I looked for the film “My beautiful laundrette”, because I was interested in seeing the British actor Day-Lewis in one of his first performances. Surprisingly, I found a well-made movie about love and racism.
London in the eighties: Omar is the son of an unsuccessful Pakistani journalist and politician. Omar is a fragile young man, well brought up, obedient and silent. His uncle Nasser, one of the richest members of Pakistani community, protects him. Nasser makes Omar responsible for one of his filthy laundrettes. He doesn’t expect very much from his nephew, but Omar always smiles and thanks for everything.
But the point of the movie are the secrets Omar hides. Indeed, he is an entrepreneur and he is going to change his uncle’s mucky laundry into a brilliant business. The power which moves him is not other than love. He gives a job to his boyfriend Johnny (Day-Lewis), a typical work-class hooligan.

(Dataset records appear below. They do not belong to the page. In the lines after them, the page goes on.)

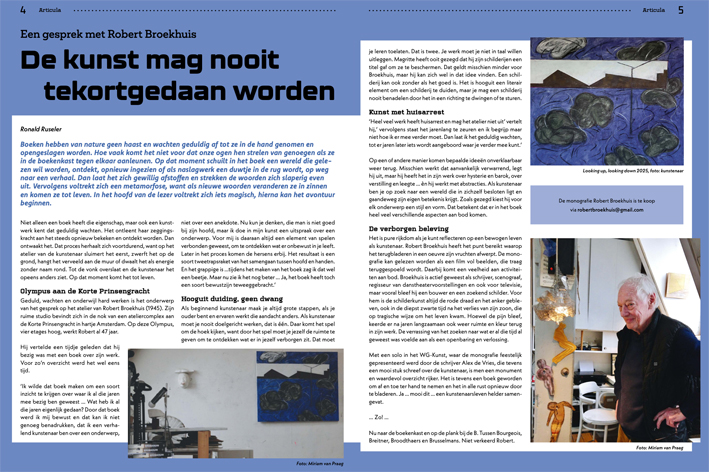 Als beginnend kunstenaar maak je altijd grote stappen, als je ouder bent en ervaren werkt die aandacht anders. Als kunstenaar moet je nooit doelgericht werken, dat is één. Daar komt het spel om de hoek kijken, want door het spel moet je jezelf de ruimte te geven om te ontdekken wat er in jezelf verborgen zit. Dat moet je leren toelaten. Dat is twee. Je werk moet je niet in taal willen uitleggen. Magritte heeft ooit gezegd dat hij zijn schilderijen een titel gaf om ze te beschermen. Dat geldt misschien minder voor Broekhuis, maar hij kan zich wel in dat idee vinden. Een schilderij kan ook zonder als het goed is. Het is hooguit een literair element om een schilderij te duiden, maar je mag een schilderij nooit benadelen door het in een richting te dwingen of te sturen.
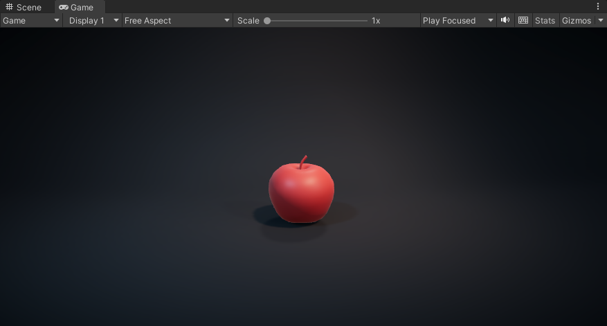 5. Select Play to enter Play mode and review the way that the apple is showcased by the lights. Consider the following questions:
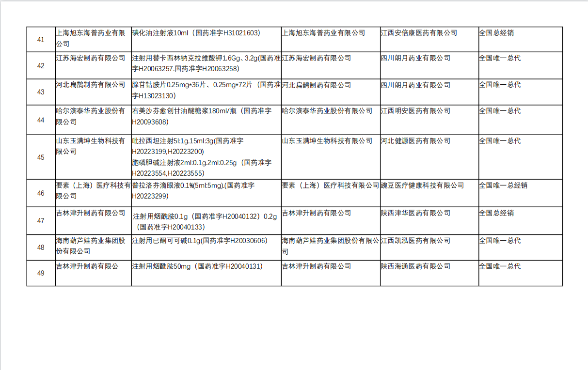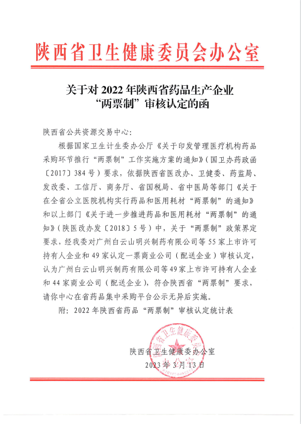 根据国家卫生计生委办公厅《关于印发管理医疗机构药品采购环节推行“两票制”工作实施方案的通知》(国卫办药政函〔2017〕384号)要求,依据陕西省医改办、卫健委、药监局、发改委、工信厅、商务厅、省国税局、省中医局等部门《关于在全省公立医院机构实行药品和医用耗材“两票制”的通知》和以上部门《关于进一步推进药品和医用耗材“两票制”的通知》(陕医改办发〔2018〕5号)中,关于"两票制"政策界定要求,经我委对广州白云山明兴制药有限公司等55家上市许可持有人企业和49家认定一票商业公司(配送企业)审核认定,认为广州白云山明兴制药有限公司等49家上市许可持有人企业和44家商业公司(配送企业),符合陕西省“两票制”要求,请你中心在省药品集中采购平台公示无异后实施。
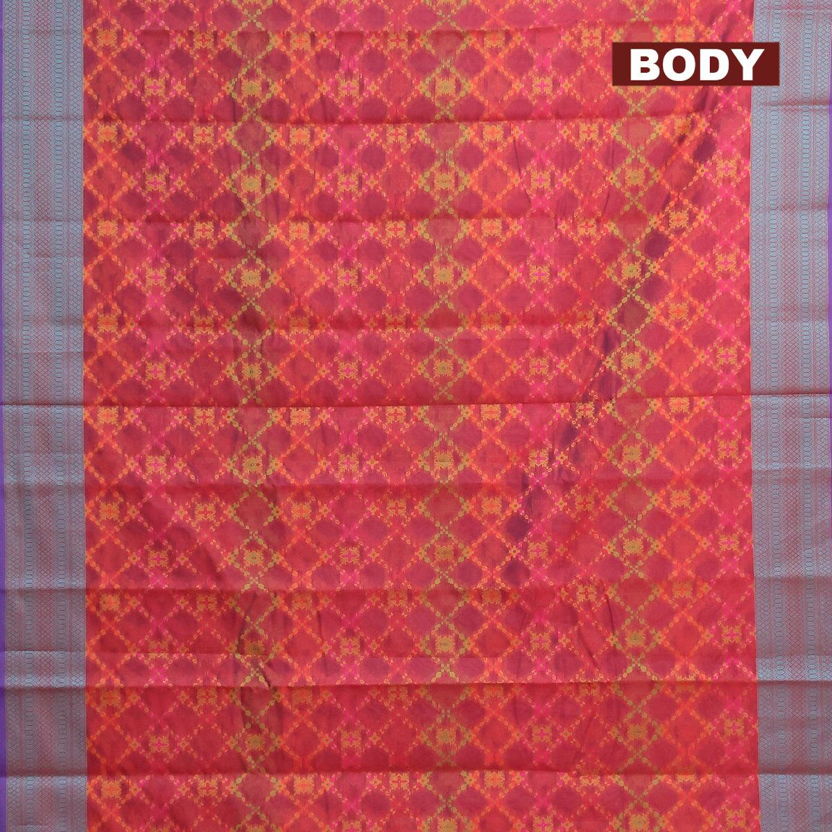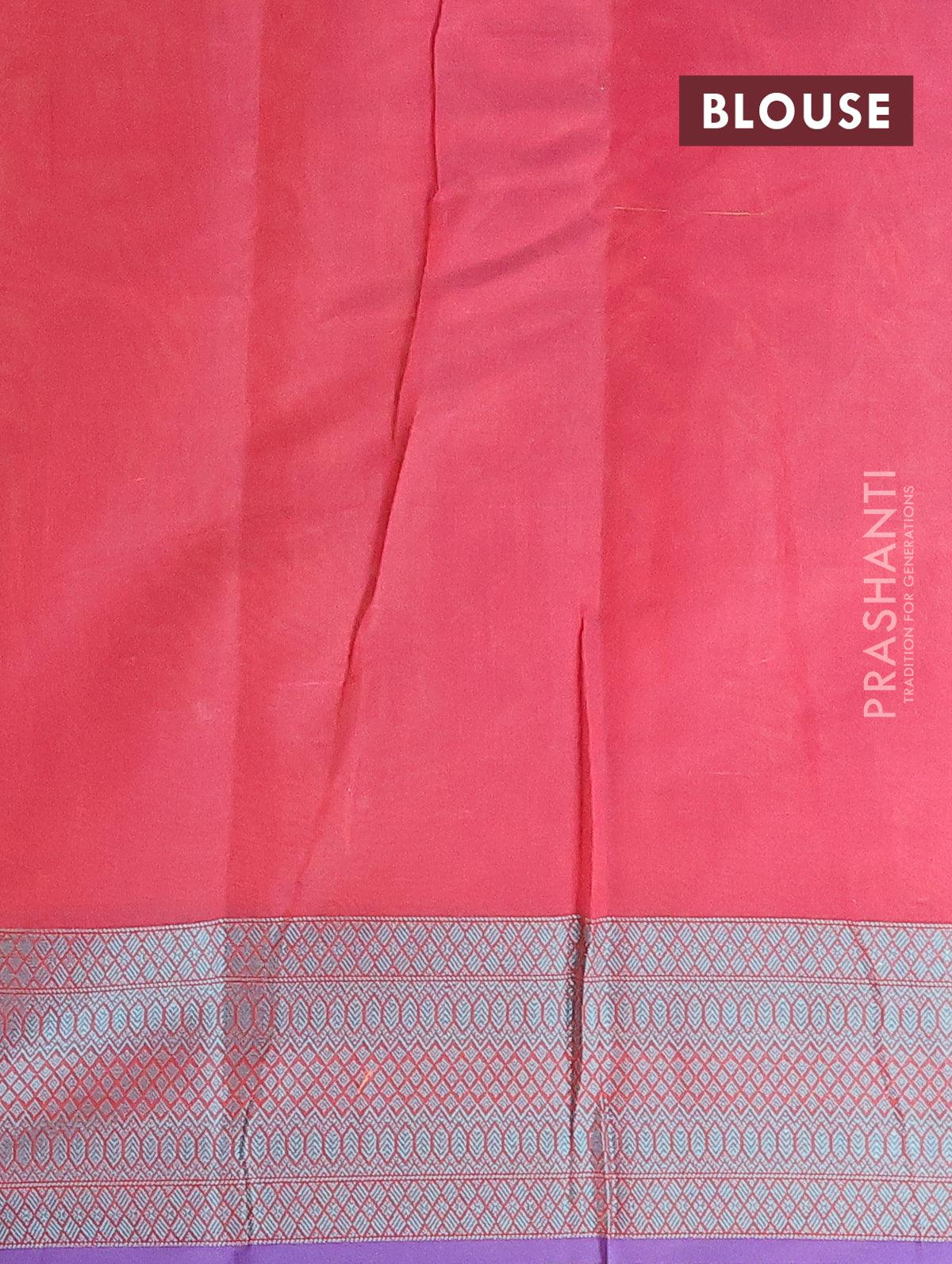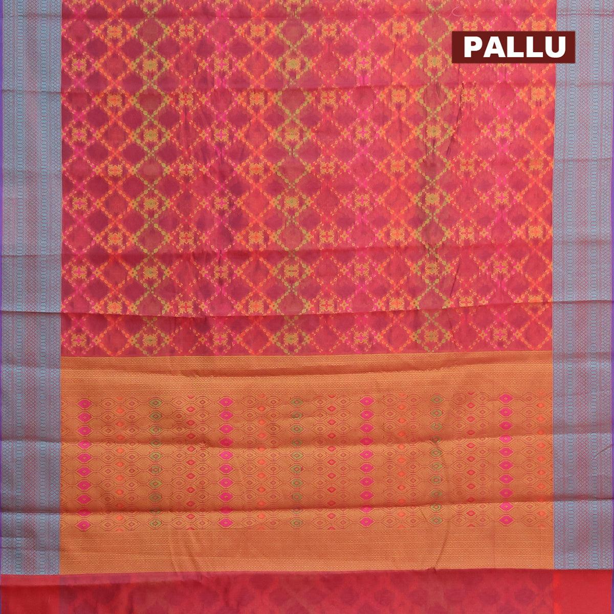 Semi chanderi saree dual shade of maroon and blue with allover thread weaves and woven border
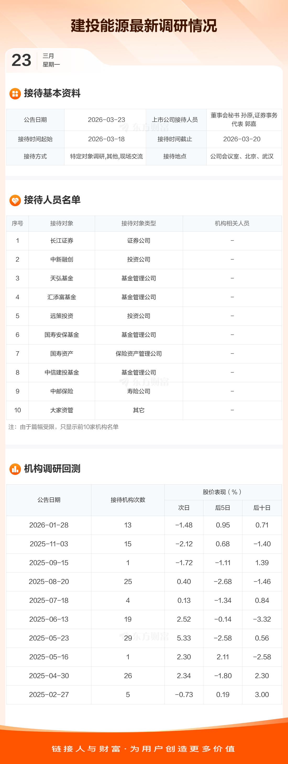 建投能源3月23日公告称,3月18日至3月20日接待长江证券等22家机构调研。接待人员包括董事会秘书 孙原,证券事务代表 郭嘉。
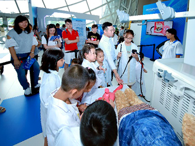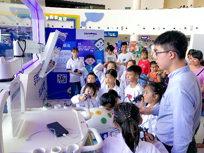 | Event Outline | Olympus started to hold the Olympus Optical Technology Tour in China since 2014. This year the Olympus Optical Technology Tour has started in Guangdong Science Center in Guangzhou, during which a section called WE ARE DOCTORS was arranged for teenagers, with Olympus products hands-on experience and intestinal and gastric health knowledge. In this section, teenagers can act as doctors, using endoscopy to help the "patient" (a toy bear) cure his disease, while in the meantime, get medical knowledge. Besides medical experience activity, a CAREER DREAM WALL was also set, inspiring their future career choices after experiencing the equipment of all Olympus business groups. Teenagers can vote for their dream job on a sticker with their name on it. Scientist and doctor were the most popular careers. In total 255 teenagers participated in WE ARE DOCTORS, 515 stickers were posted on the CAREER DREAM WALL. Another activities are to be held in Beijing/August and Shanghai/September this year. |
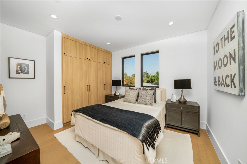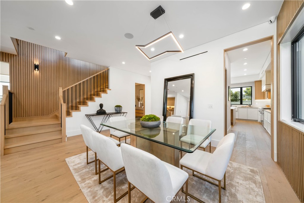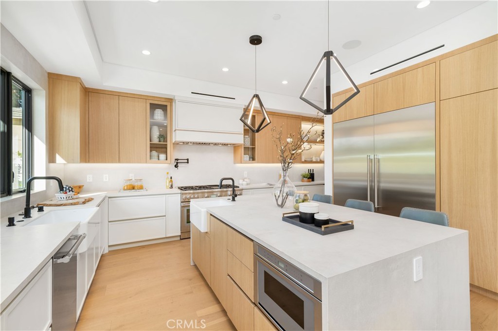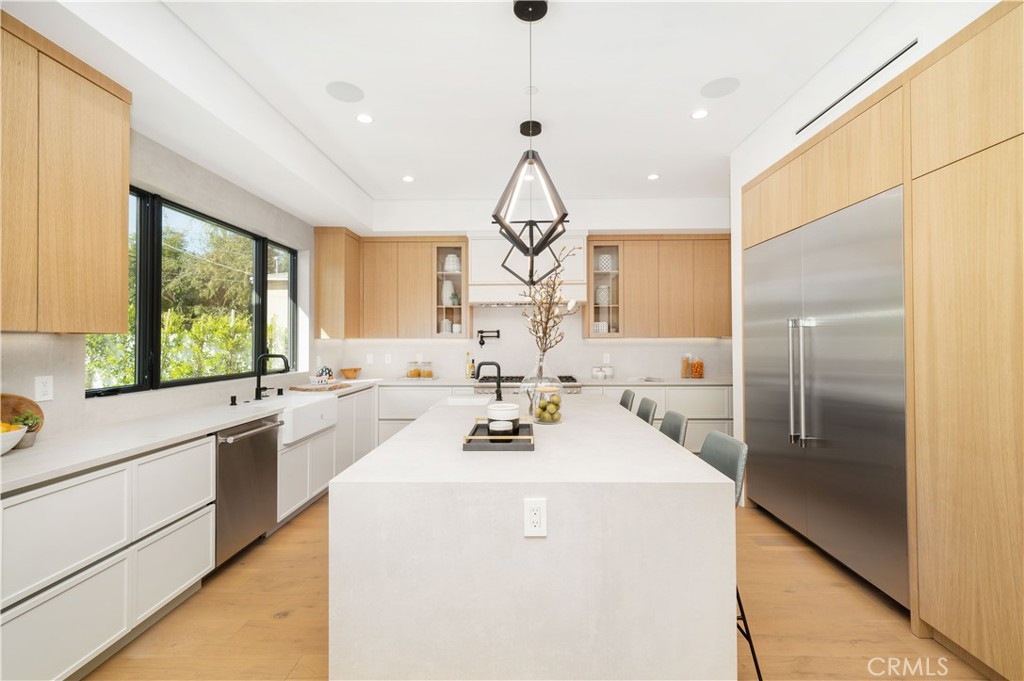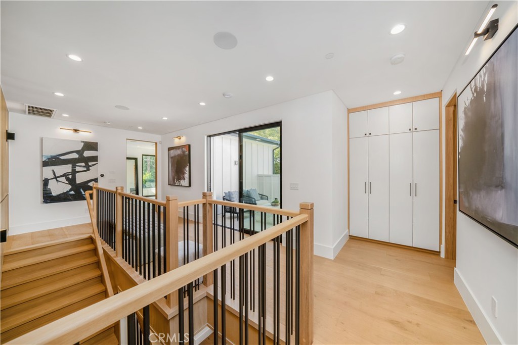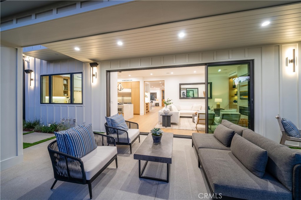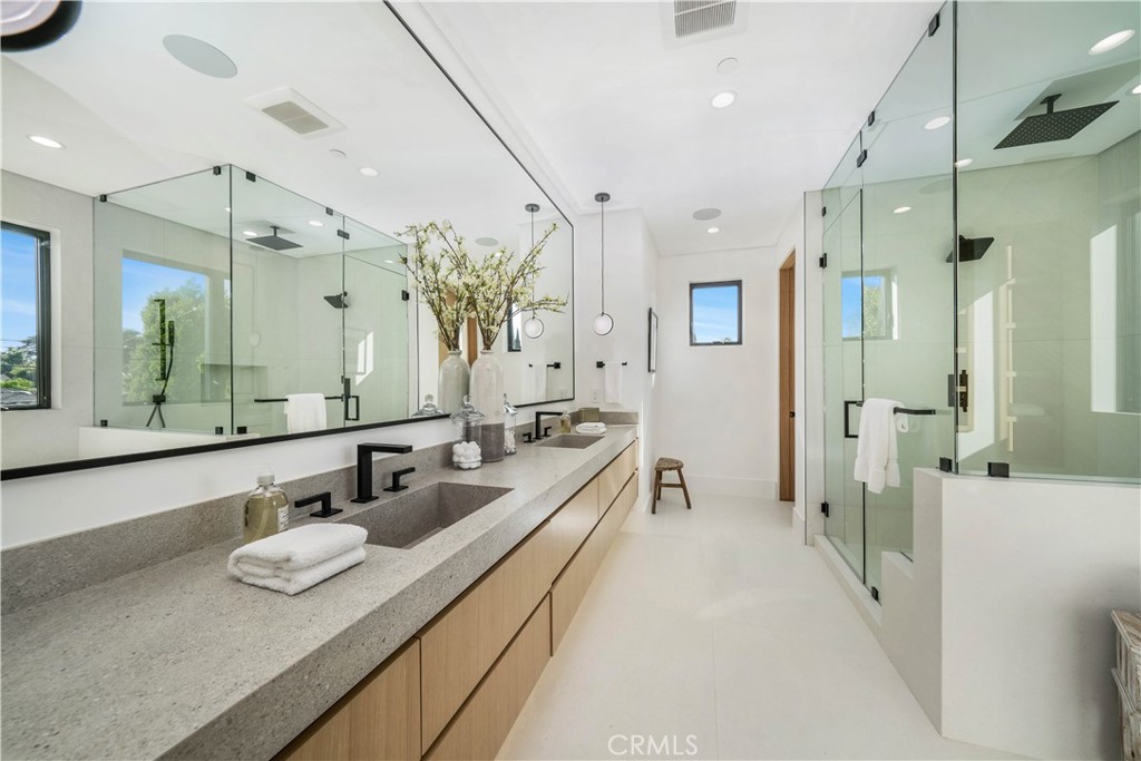 New transitional home on a gated lot in prime Sherman Oaks, with modern flair. Featuring 5 BR – 6 BA in home and detached rec room with approximately 3,600 sqft on an over 7,000 sqft lot. Bright living room with fireplace opens to dining room with white oak accent wall. Gourmet kitchen features stainless-steel appliances, custom cabinetry, center island with bar seating, and walk-in pantry. Kitchen opens to family room with custom built-ins with accent lighting, electric fireplace with bookmatch porcelain mantle wall, and sliding glass doors to covered patio. Backyard features spacious turfed area, detached rec room with half bath and HVAC, saltwater pool/spa with waterfall, BBQ area with bar seating, and exterior pool shower. Primary suite features electric fireplace with porcelain mantle, balcony, walk-in closet with accent lighting, and primary bath with built-ins, shower with porcelain tilework, and soaking tub. Home is completed by entertainer/designer details such as custom woodwork/tilework, spacious upstairs patio, surround sound speakers, landscape lighting, solar panels, security system with alarm/cameras, and Control 4 smart home system.
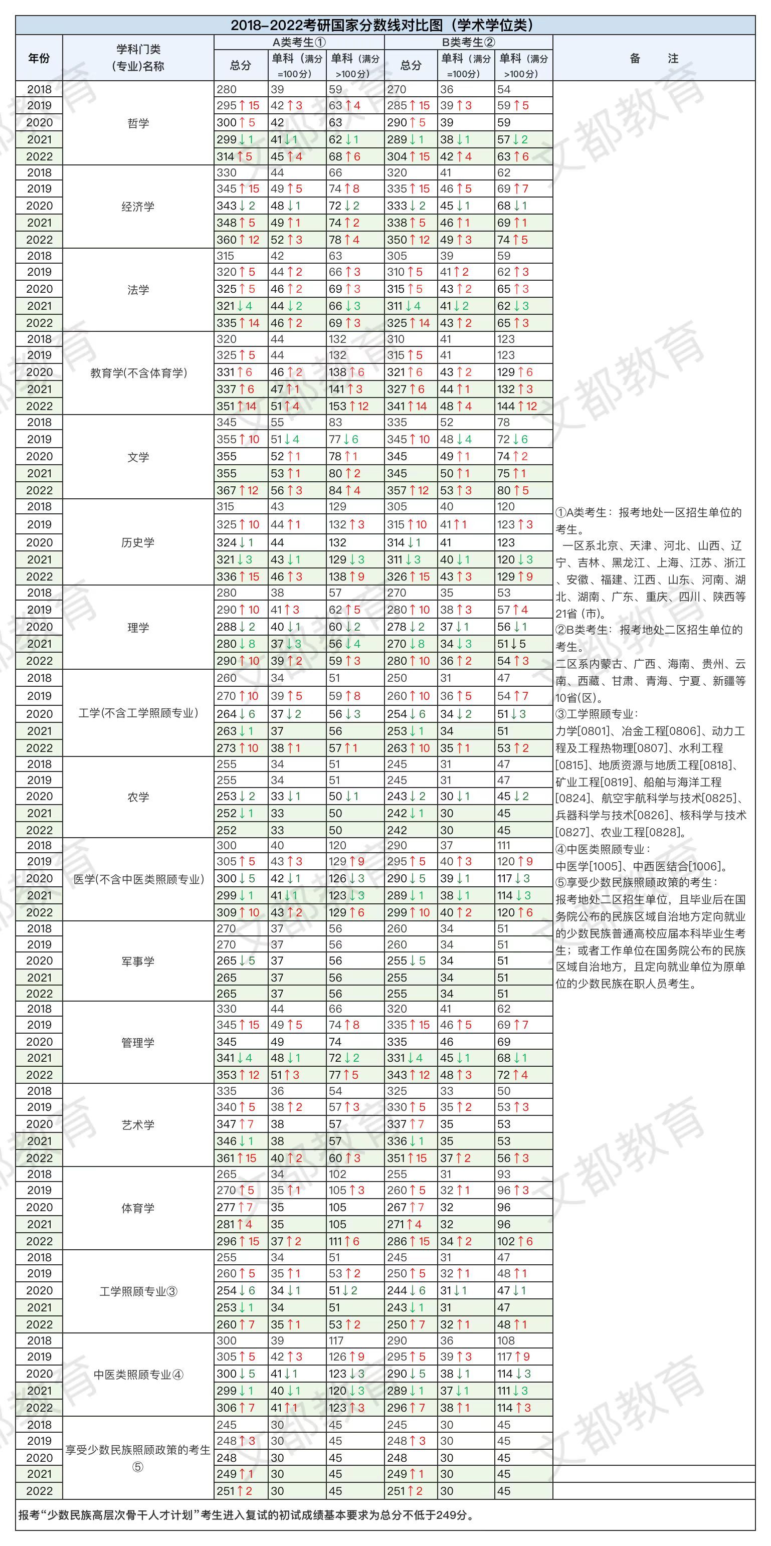 2018-2022考研國家分數(shù)線對比圖(學術學位類)
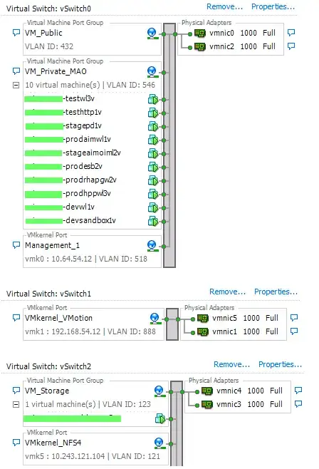 • unfortunately I had discovered the issue in our prod servers, and haven't had time to replicate the issue in one of our other environments, but I can confirm your first thought: Both vmguest1 and 3 can ping host1 and 2, but not each other. The ` on eth0` actually shows up as ` on bond0`. – Aaron R. Aug 25 '14 at 20:55
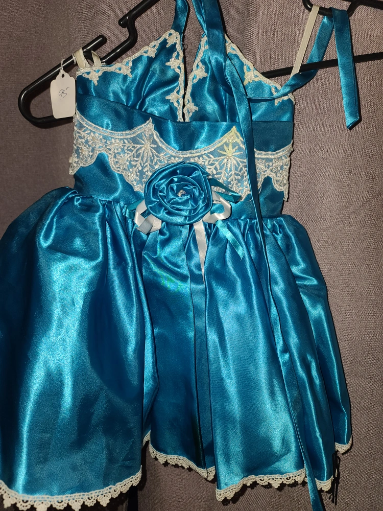 Teal satin halter dress with white lace accents and a white satin ribbon around the waist. Has a large white rose on the back.
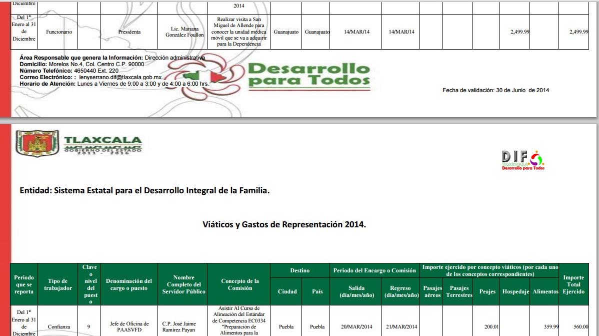 En una salida del 18 de marzo de 2014 y el regreso un día después, la directora de esta dependencia, Liliana Lezama Carrasco asistió a la primera reunión de titulares de los sistemas estatales DIF a la ciudad de México, en donde nuevamente no se detalla el gasto en combustible y el concepto de peajes es por 902 pesos, siendo que la Secretaría de Comunicaciones y Transportes (SCT) dice que el costo actual de las casetas es de 60 pesos para la de Texmelucan y 100 pesos para la de San Marcos, 160 pesos, cifras que no cuadran y no son explicadas en el portal de transparencia.

This gay relationship cannot be accepted by the Muslim world of the Anglo-Pakistanis, neither by the racist low-class friends of Johnny, but it doesn’t matter to the lovers, and the laundry cash-register doesn’t stop. In one way, I think this film is smarter than the pretentious “Brokeback Mountain”, because unlike that one, gay love plays here a coherent role.
Stephen Frears used this innovative screenplay by Kureishi to raise doubts about some of the more solid cultural prejudices in intercultural societies. Nasser, Omar’s uncle, is a gangster, as criminal and corrupt as a white British could be. And love between Omar and Johnny is as beautiful, difficult and passionate as the love between two white British gays could be.